Из письма, датированного несколькими днями позже:
«Она пришла. Я знал, что она придет, с того самого вечера, как увидел ее на горе, и прошлой ночью она пришла, и мы сидели и смотрели друг другу в глаза. Ты, разумеется, скажешь, что я свихнулся, не оправился от болезни, слишком много работал, что услышал глупую сказочку и это все плод воспаленной фантазии, – но она, тем не менее, пришла. Существо из плоти и крови? Эфемерное существо, созданное моим воображением? Какая разница! Для меня эта женщина была реальной.
Она пришла прошлой ночью, когда я сидел один, работал. Каждую ночь я ждал ее прихода, прислушивался, жаждал, теперь я это знаю. Я услышал ее легкие шаги по мосту, тихий стук в дверь. Она постучала трижды – тук, тук, тук. Внутри у меня все похолодело, кровь застучала в висках. Я ждал, вцепившись в спинку стула, и стук повторился – тук, тук, тук. Я поднялся и задвинул засов на двери, которая вела в крытый коридор и другую комнату. Потом открыл тяжелую входную дверь, ворвался ветер, разметав на столе мои бумаги, и женщина вошла, а я закрыл за ней дверь. Она скинула капюшон с головы, развязала шейный платок и положила на стол. Потом села перед огнем, и я заметил, что ее босые ноги влажны от ночной росы.
Я подошел и стал смотреть на нее, а она улыбнулась – странно, озорно, но я мог положить душу к ее ногам. Она молчала и не двигалась, мне тоже не хотелось говорить. Теперь понятно, почему те, кто поднялся на вершину, говорят: «Давай разобьем здесь палатку. Нам тут хорошо».
Сколько прошло времени, не знаю, но в какой-то момент женщина подняла руку, прислушиваясь, и из другой комнаты донесся какой-то шум. Она быстро накинула капюшон на голову и исчезла, неслышно затворив за собой дверь. Я сдвинул засов на внутренней двери, подождал – все было тихо, – сел и, должно быть, скоро заснул на стуле.
Проснувшись, я мгновенно вспомнил о шейном платке, который могла оставить женщина, и уже начал подниматься со стула, чтобы спрятать его, но жена сидела за накрытым к завтраку столом, подперев подбородок руками, и смотрела на меня с каким-то новым выражением в глазах.

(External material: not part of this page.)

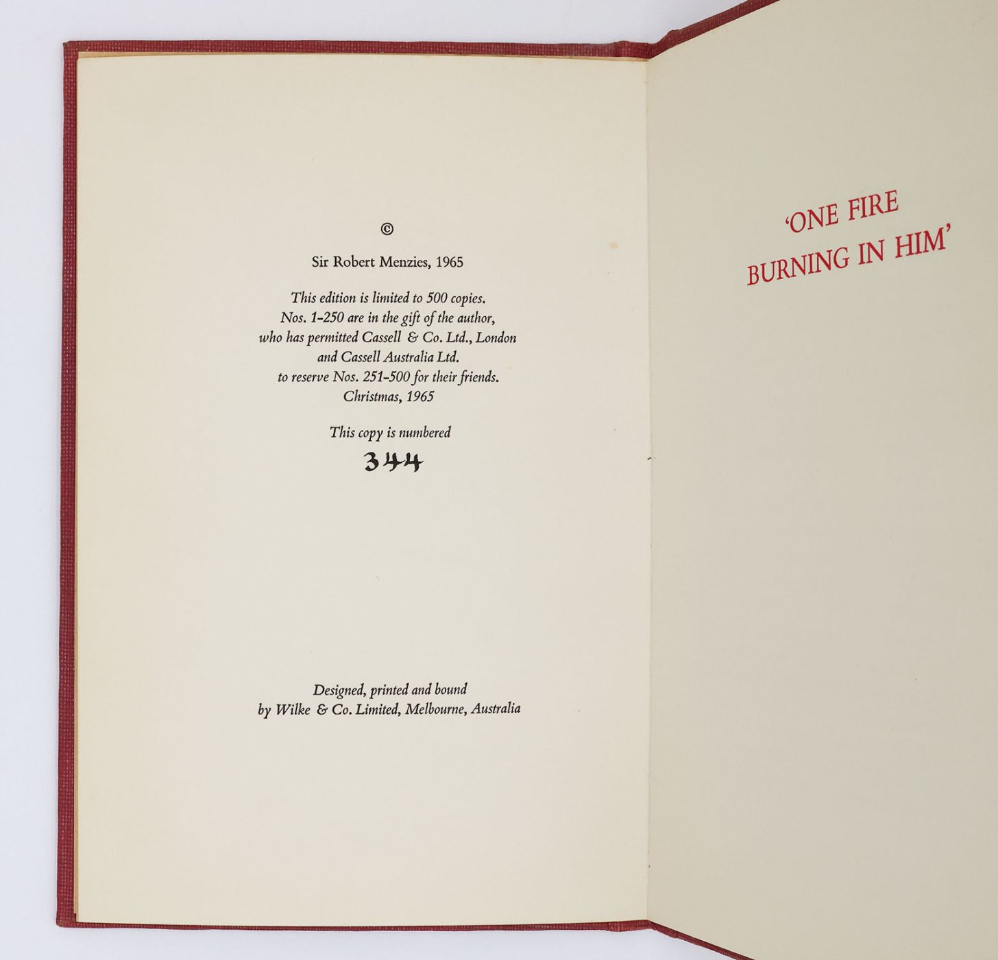 Issued in an edition of 500 copies, with numbered copies 1-250 distributed "in the gift of the author" and numbered copies 251-500 reserved for friends of the publisher. This example is numbered 344 in black ink on the limitation page. Sir Robert Menzies (1894-1978) was an Australian politician and lawyer who served as the 12th Prime Minister of Australia from 1939-1941 and again from 1949-1966. He remains the longest-serving prime minister in Australian history. Menzies was one of the twelve honorary pallbearers at the State Funeral of Sir Winston Churchill on 30th January 1965. Together with former US President Dwight D. Eisenhower, who both had known Churchill well, Menzies gave his eulogy after the funeral, speaking from the crypt of St. Paul's Cathedral, London. His touching tribute is published here.

Она поцеловала меня холодными губами, а я пытался убедить себя, что мне все это приснилось. Но днем, проходя мимо открытой двери – жена стояла спиной ко мне, не замечая, – я увидел, как она достала шейный платок из ящика и стала разглядывать его.
Я говорил себе, что это шейный платок жены, что вся эта история – плод моего воображения, а если нет, то моя странная гостья была не призраком, а женщиной. Но с другой стороны, если человек может отличить другого человека от призрака, тогда прошлой ночью рядом со мной не сидело существо из плоти и крови. Да и откуда здесь взяться женщине? Ближайшее высокогорное пастбище в трех часах ходьбы для крепкого мужчины, а тропы опасны даже днем. Какая женщина могла пройти по ним ночью? Какая женщина могла выстудить воздух вокруг себя до такой степени, что кровь стыла в моих жилах? И однако если она придет вновь, я заговорю с ней и протяну руку, чтобы понять, живая она, или это только воздух».
Пятое письмо:
«Мой дорогой Джойс! Сомневаюсь, увидят ли твои глаза эти письма. Отсюда мне никогда их тебе не отослать. И тебе покажется, что писал их безумец. Если я когда-нибудь вернусь в Англию, то, возможно, покажу их и буду вместе с тобой смеяться над ними. В настоящее время я пишу их для того, чтобы потом спрятать, – слова, изложенные на бумаге, спасают меня, отпадает необходимость выкрикивать их.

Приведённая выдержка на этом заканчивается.